You can get WiFi water sensors, you could add one of these to notify you of water where it shouldn't be and then if you have a WiFi socket for you filter you could turn it off. Drilling a hole just below the water level of the inlet would stop it siphoning the tank completely if you were worried about that hose popping off. I'm sure there's a more technical automated solution to all of that but that would be a relatively cheap and simple way of doing it.


----------



## Dogtemple (5 Mar 2021)

something I have considered is just running a flex from a circuit breaker, if it gets wet it should short out and turn the filter off.  don't know if that is a safe or sketchy solution though


----------



## rudedog (5 Mar 2021)

Dogtemple said:


> something I have considered is just running a flex from a circuit breaker, if it gets wet it should short out and turn the filter off.  don't know if that is a safe or sketchy solution though


That is proper sketchy! 
Turning the filter off wouldn’t stop your tank from draining anyway, gravity would do this (unless your filter and pipe work is all above the tank)

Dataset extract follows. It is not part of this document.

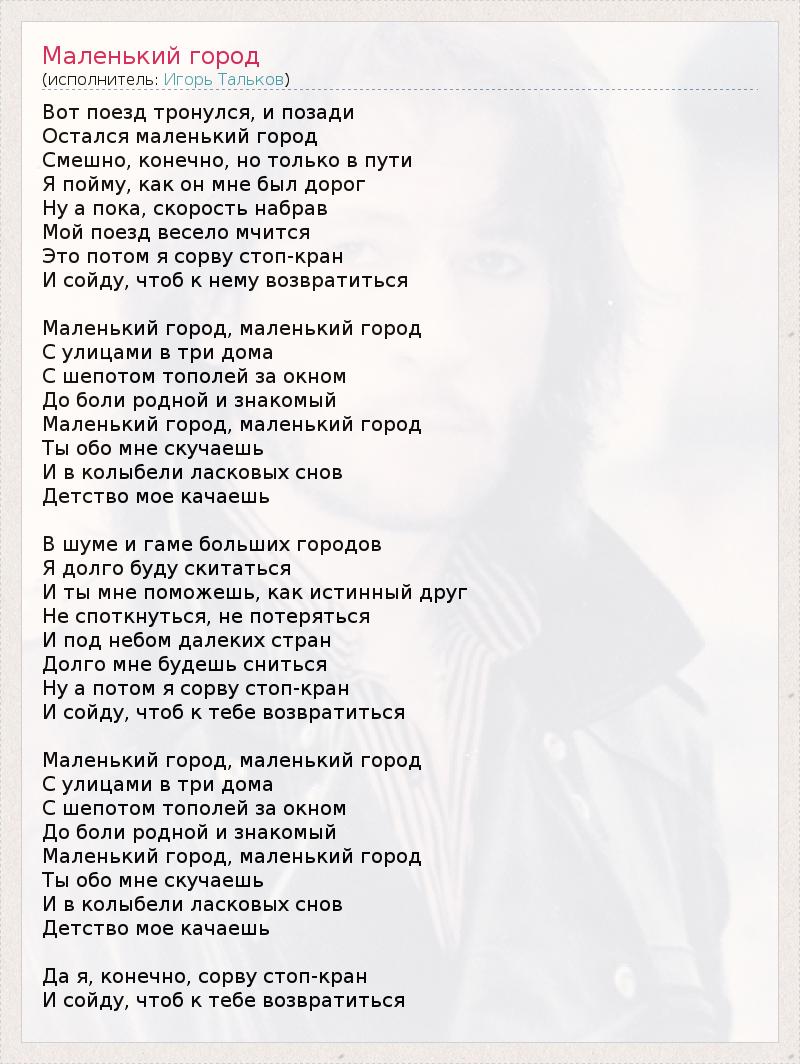 Это интересно:И́горь Влади́мирович Талько́в (4 ноября 1956, Грецовка, Щёкинский район, Тульская область — 6 октября 1991, Ленинград) — певец, автор песен, поэт, киноактёр.В начале творческого пути сотрудничал с группами «Апрель», «Калейдоскоп» и «Электроклуб». В это время Игорем было написано много песен, но он не имел возможности исполнять их.Впервые стал известен широкой публике после выступления... продолжение

The simplest solution would be to make sure that your intake and outtakes are just below the waterline, that way if your get a leak in any of the filter pipes, it will only drain a bit of water.


----------



## Kevin Eades (5 Mar 2021)

Dogtemple said:


> something I have considered is just running a flex from a circuit breaker, if it gets wet it should short out and turn the filter off.  don't know if that is a safe or sketchy solution though


Please dont. 

Unless you have a way of stopping the water syphoning turning off the filter does very little to stop it. You could have a leak alarm off the internet to alert you. Unless you are close it will have emptied in about 20 mins max. This is why you have a gap from bottom of intake to substrate so you dont loose all the water. Doesnt save the house though. In 10 odd years of having external filters nothing has ever popped off on its own


----------



## ScareCrow (5 Mar 2021)

I applaud your bravery, I've done some very sketchy things with electricity both intentionally and unintentionally, some I got away with, some I got shocked and one I almost burnt my parents house down. I would definitely consider the flex circuit breaker option sketchy. If you have an open circuit you could get a shock from it if you accidentally touched it, while doing maintenance. The incident that nearly burnt down my parents house was not dissimilar to what you are suggesting. I had a skimmer on a marine tank start skimming really wet, to the point it started emptying the tank. I had an extension lead on the floor, which when it got wet it started to short out. It wasn't sufficient to blow the fuse and so it got pretty hot, eventually scorching the carpet.


----------



## zozo (5 Mar 2021)

Most pumps etc. nowadays come with a hose lock nut...  Then with this, it is very unlikely to happen.
If you still have older material without it, then use tube clamps.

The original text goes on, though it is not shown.